• Your instructions: When you reach the line containing "Recycled stainless steel", start transcribing exactly and continue through the last line of the data, skipping every picture.

• Data for analysis:
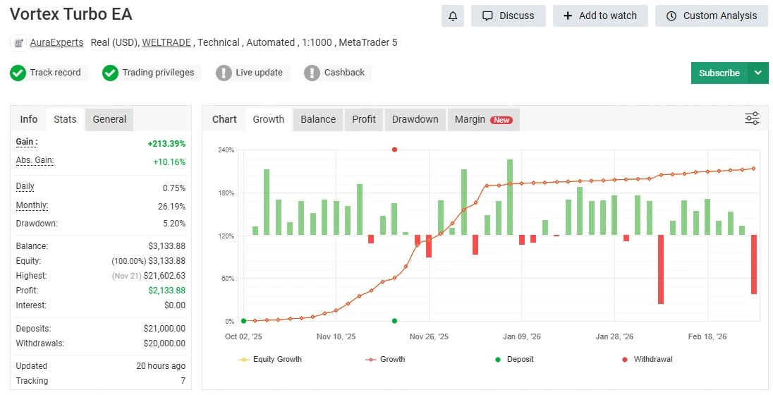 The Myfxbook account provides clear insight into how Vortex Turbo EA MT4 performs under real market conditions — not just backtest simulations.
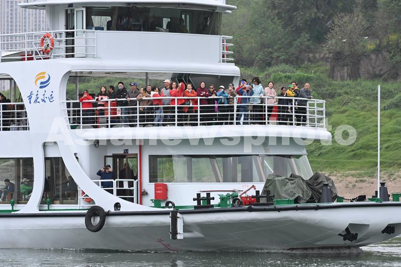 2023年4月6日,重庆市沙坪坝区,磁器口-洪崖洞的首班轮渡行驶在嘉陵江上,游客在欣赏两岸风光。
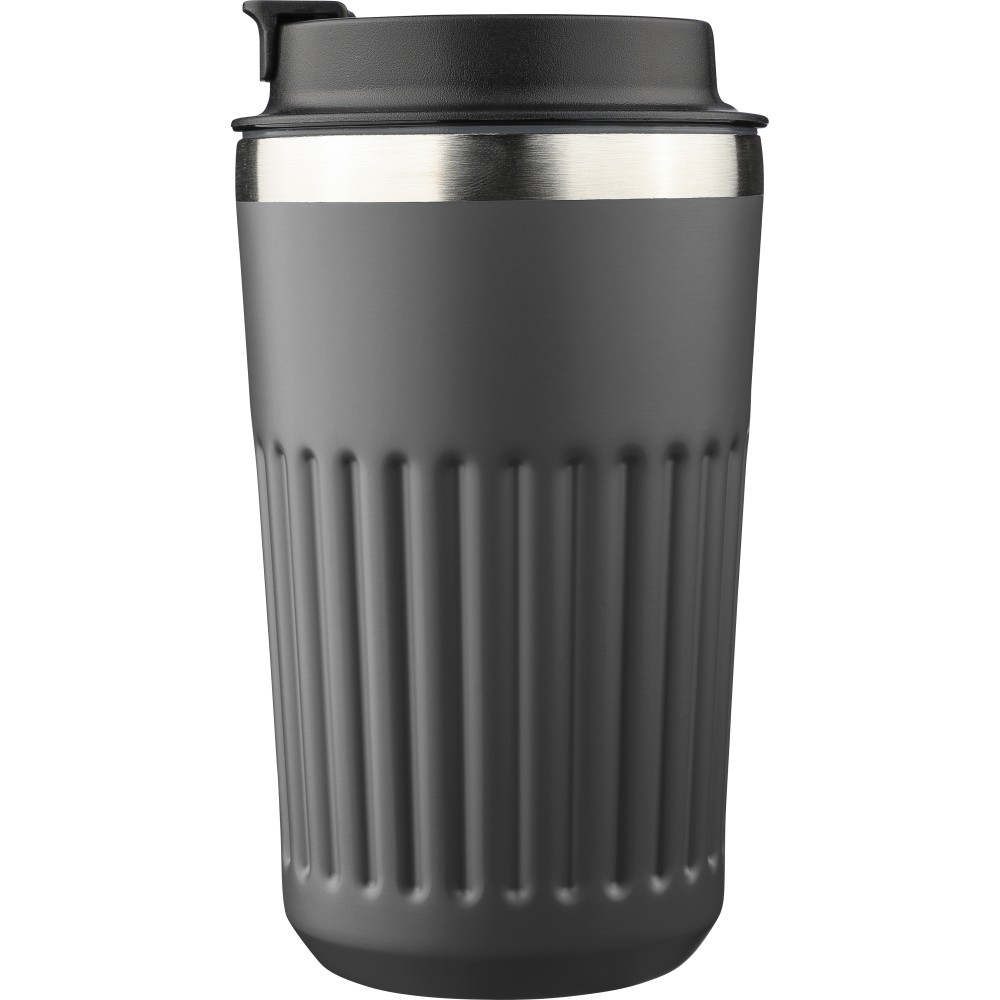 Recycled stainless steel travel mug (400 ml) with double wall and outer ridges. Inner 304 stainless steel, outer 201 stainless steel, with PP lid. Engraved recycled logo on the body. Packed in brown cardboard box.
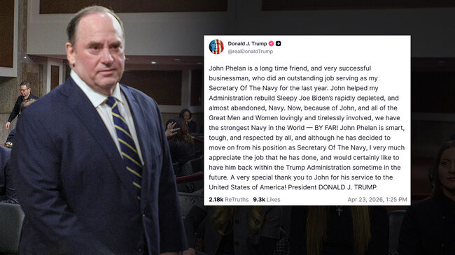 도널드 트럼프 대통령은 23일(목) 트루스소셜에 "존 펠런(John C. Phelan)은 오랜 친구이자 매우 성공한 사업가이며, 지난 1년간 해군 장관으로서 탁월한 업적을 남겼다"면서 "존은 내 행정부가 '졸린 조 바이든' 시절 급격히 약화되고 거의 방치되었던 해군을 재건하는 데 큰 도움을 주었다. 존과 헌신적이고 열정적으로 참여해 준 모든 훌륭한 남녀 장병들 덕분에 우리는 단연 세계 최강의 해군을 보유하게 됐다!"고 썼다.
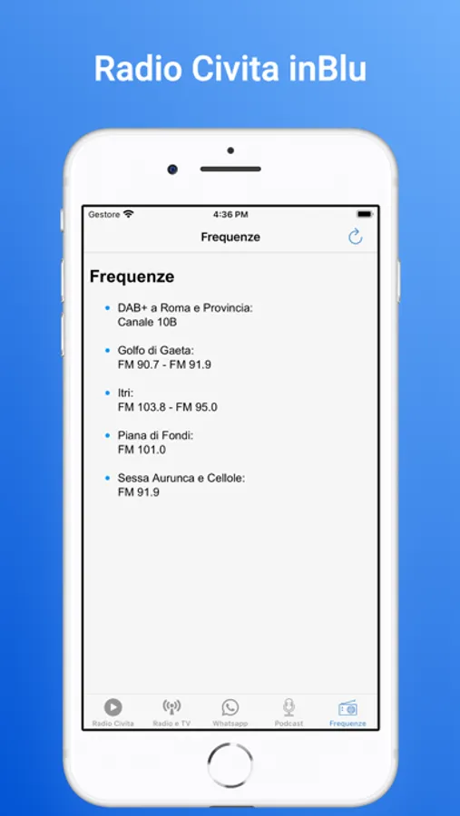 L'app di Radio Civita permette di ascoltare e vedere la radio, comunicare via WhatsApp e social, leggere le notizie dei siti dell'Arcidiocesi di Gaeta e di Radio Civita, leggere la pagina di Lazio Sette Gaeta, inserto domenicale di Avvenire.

• Result of the task:
 Recycled stainless steel travel mug (400 ml) with double wall and outer ridges. Inner 304 stainless steel, outer 201 stainless steel, with PP lid. Engraved recycled logo on the body. Packed in brown cardboard box.
 도널드 트럼프 대통령은 23일(목) 트루스소셜에 "존 펠런(John C. Phelan)은 오랜 친구이자 매우 성공한 사업가이며, 지난 1년간 해군 장관으로서 탁월한 업적을 남겼다"면서 "존은 내 행정부가 '졸린 조 바이든' 시절 급격히 약화되고 거의 방치되었던 해군을 재건하는 데 큰 도움을 주었다. 존과 헌신적이고 열정적으로 참여해 준 모든 훌륭한 남녀 장병들 덕분에 우리는 단연 세계 최강의 해군을 보유하게 됐다!"고 썼다.
 L'app di Radio Civita permette di ascoltare e vedere la radio, comunicare via WhatsApp e social, leggere le notizie dei siti dell'Arcidiocesi di Gaeta e di Radio Civita, leggere la pagina di Lazio Sette Gaeta, inserto domenicale di Avvenire.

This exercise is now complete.